Quem faz o curso, não se queixa. ''Já entrei sabendo o que era o curso, meu pai era geógrafo, meu avô, topógrafo'', diz Daniel Perazzzo, 29 anos, que acaba de completar o curso e já escolheu sua área: fazer levantamentos topográficos e geodésicos (GPS). Ele lembra, porém, que só tomou conhecimento da existência do curso ao ler o manual do candidato da UFPR.

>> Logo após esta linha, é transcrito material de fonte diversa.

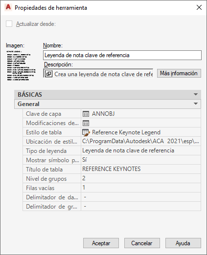 En cuanto a las herramientas para insertar notas clave de referencia, en la hoja de trabajo Propiedades de herramientas el campo Notas clave AEC se especifica como la propiedad Texto predeterminado. En el caso de una herramienta para la inserción de notas clave de plano, este campo se especifica como una definición de atributo en el bloque identificado por las propiedades Símbolo y Ubicación de símbolo. En cualquier caso, un campo Notas clave AEC se puede insertar o editar en el cuadro de diálogo Campo.

Cesar Rafael Lopes, 22 anos, que está no décimo semestre, faz uma advertência aos interessados. ''Tem que ter perfil para engenharia. Engenharia Cartográfica não é Geografia, e tem que gostar muito de cálculo e programação, ou não dá certo'', diz, lembrando que uma grande parte faz o vestibular em função da baixa concorrência, mas por falta de preparo ou de identidade com a profissão, muitos saem do curso. Dos 44 que entram por ano, no máximo 25 acabam se formando.

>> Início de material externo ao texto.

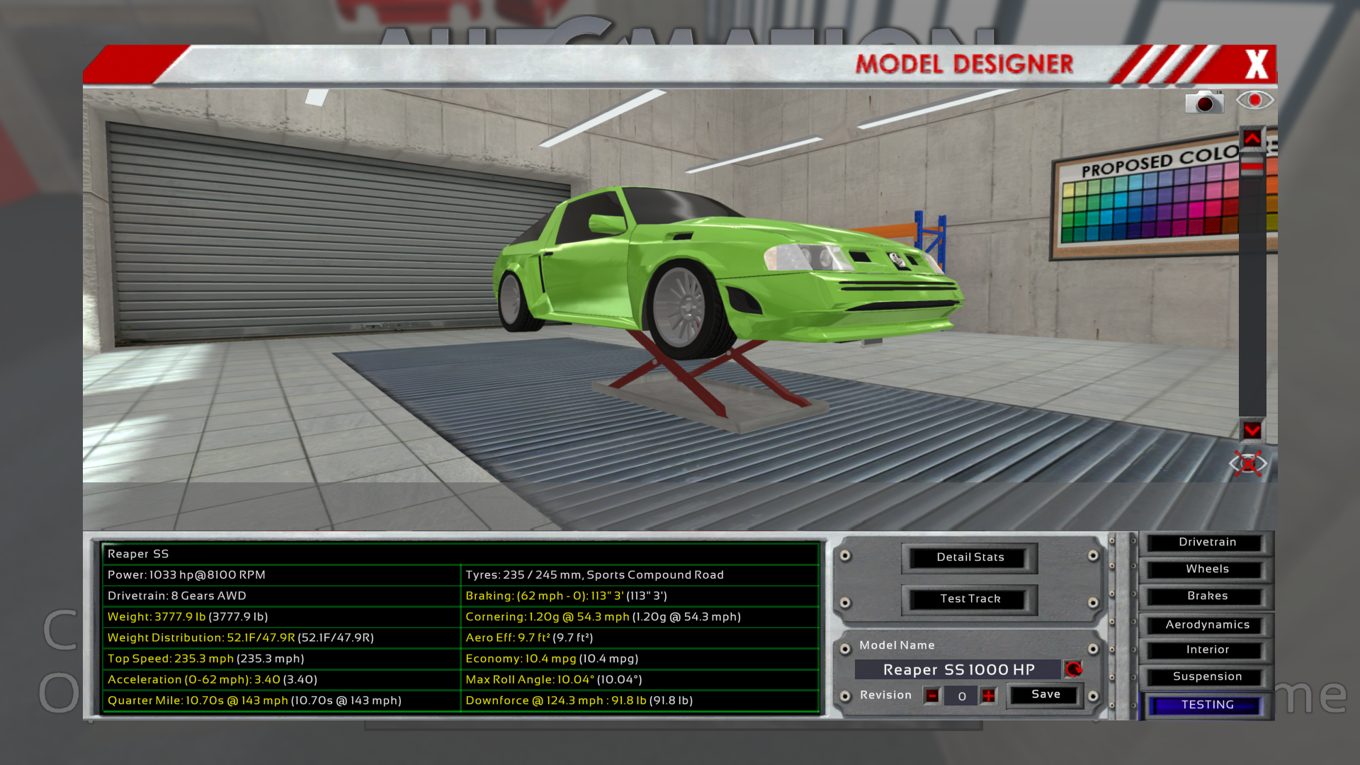 ---------The Razor, Powerful, Hatchback, Sports------------------------------------------------------The Reaper, Coupe, Sports------------------------------

Esse pequeno número de formandos, segundo o coordenador, garante um baixo índice de desemprego na profissão. Isso não significa que o recém-formado não tenha dificuldades para obter emprego. Segundo o engenheiro cartógrafo Ricardo Villar Neves, 29, formado há dois anos, um dos problemas é que a função do cartógrafo, muitas vezes, é preenchida por profissionais de outras áreas, como arquitetos, geógrafos, engenheiros agrônomos. Outra dificuldade é conseguir que as empresas paguem o piso salarial de engenheiro, estabelecido em oito salários mínimos. ''Ninguém paga'', afirma.

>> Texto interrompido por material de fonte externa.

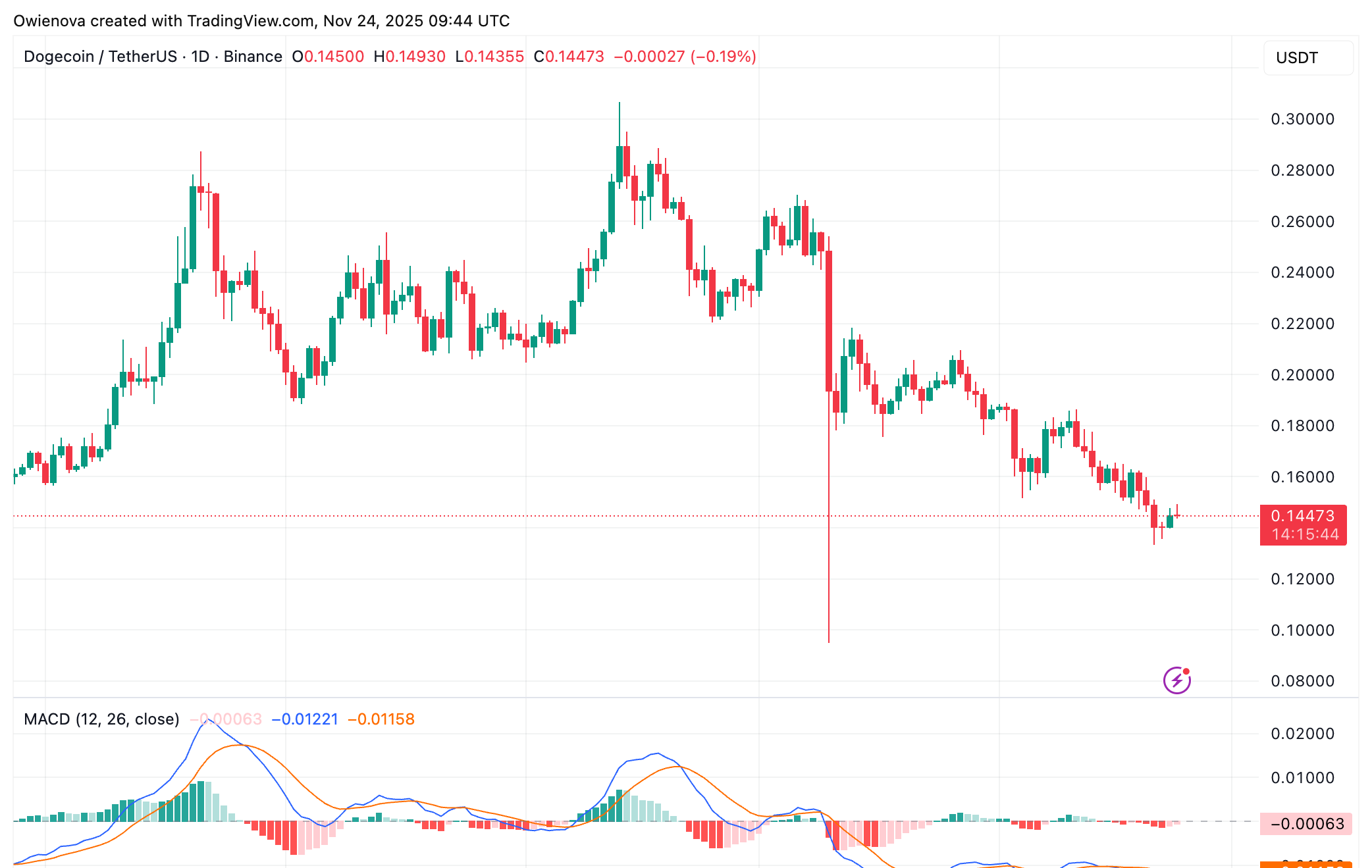 Догикоин теперь снова опустился в критическую зону поддержки около $0.14682, уровень, который ранее служил базой для ценовых реакций. Рынок демонстрирует ранние признаки стабилизации в этой области, что указывает на то, что покупатели начинают оценивать силу этой поддержки. Как DOGE будет себя вести здесь, может определить общее направление его следующего крупного движения.

As maiores empresas que trabalham na área de cartografia, realizando levantamento de dados, fotometria, cadastro urbano, entre outras atividades, têm sede em Curitiba. Isso garante vaga em estágio a todos alunos, mas nem sempre rende emprego. As maiores oportunidades, acredita Ricardo, ainda estão em mercados menos explorados, como nas regiões Norte e Nordeste do Brasil. ''Quem se dispõe a sair dos grandes centros tem mais chances'', acredita.(M.G.)